Spot memory prices on RAM have been going up.
How can this be when the overall market is still in surplus, and the biggest markets are still flatlining?
Well, there are reasons and there are excuses.
The real reason why there may be a few less chips to go around is because Hynix is retooling.
The excuses are anything and everything the memory manufacturers think might fly. If memory manufacturers thought they could get higher prices by saying that Britney Spears was going DDR, and shortages loomed because all her fans would do the same, they’d try it.
In this one instance, we’re hearing babble about Intel boards needing DDR. Ever heard of the 845D and 845E and 845G? What do they use?
A variant on that is the likelihood Intel will go to officially rated 166MHz CPUs in the fall. OK, even assuming that’s true, that will be only be true for the high-end, high-priced low-selling Intel PIVs at that time, and even if there are shortages of DDR333; it hardly should affect the whole line.
No, this is just the short hairs approach to selling.
Getting You Where They Want You
PC sales follow a pattern. Most sales occur in the second half of the year, and they tend to bunch around back-to-school and Christmas sales.
The memory manufacturers know this, so when demand for their product increases due to these two chronological events, they want to get the highest price possible, since they have OEMs over a barrel.

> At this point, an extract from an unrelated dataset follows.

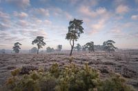 Een winterse ochtend op de heide. Na een nachtje vorst is het landschap bedekt met een laagje rijp. De dennen in de voorgrond nemen je zo mee de natuur in. De heide, bomen en schapenwollen maken het beeld compleet. Met deze foto van dennenbomen en sparren haal je de Veluwe in huis.

To make a long story short, Dell can’t say, “Sorry, we can’t sell you a PC for school or Christmas because we won’t pay those prices for memory,” so they and other OEMs can’t play chicken with the memory manufacturers to the nth degree.
But you can.
Don’t Buy in Prime Time
Or, if you prefer, a baseball story.
In 1897, Wee Willie Keeler hit .432. When he was asked how he did it, he said, “Simple. I keep my eyes clear and I hit ’em where they ain’t.”
Well, I suggest to you, whenever possible, “Buy ’em when they ain’t.” Don’t buy at times when you’re effectively trying to outbid Dell and Hewlett Packard and every other OEMs when they really need what you want.
Patience, It’s Good for You
However, you can only do so if you refuse to be like everyone else. Given their cost, the number of PC purchases that are essentially impulse buys is astounding.
It’s like watching animals go into heat. People go for prolonged periods without giving the matter the slightest thought, then something happens, and suddenly they get all hot-and-bothered about it and must have it now. As you might have noticed in other areas of life, decisions made in the heat of passion often aren’t very good.
Now I don’t know about you, but I feel insulted by the presumption of the sales and marketing teams that I’m this half-crazed animal whose passion for gratification leaves me wide open to be manipulated and twisted like a pretzel by them. Unfortunately, I also know that it’s done for a very simple reason: it works.
However, just because it works on others doesn’t mean it has to work on me. Nor you.
To separate yourself from the stampeding herd does take a little planning, and a little discipline and patience, though. These are often treated like bad words these days. I’ve literally had people write me to say that.
To me, these are good words, very good words. To me, it’s the difference between being a man or being sheep. Who really runs your life, you or a succession of marketeers?
Yes, it’s hard, very hard sometimes when you are swamped with messages to the contrary, messages that tell you how cool or important or great you’ll be if you just buy something. You won’t be. These folks just want your money and are trying to wheedle money out of the sheep with meaningless ass-kissing.
Learning how to say “No” to them, and, more importantly, to the little gremlins inside you allied to them, is critical and essential to taking charge of your life.
Isn’t This A Little Overboard?
OK, when you’re on your deathbed, and somebody asks you about your biggest regrets in life, paying $25 too much for a memory stick in 2002 is probably not going to be one of them. 🙂 The individual event is trivial.
The problem is not paying too much here and there, or buying things you don’t really need now and then. The real problem is when it becomes a lifestyle, when you literally become an open wallet to anybody who can make you feel good for a little while.
Then it becomes a matter of “Whose life is it, anyway?”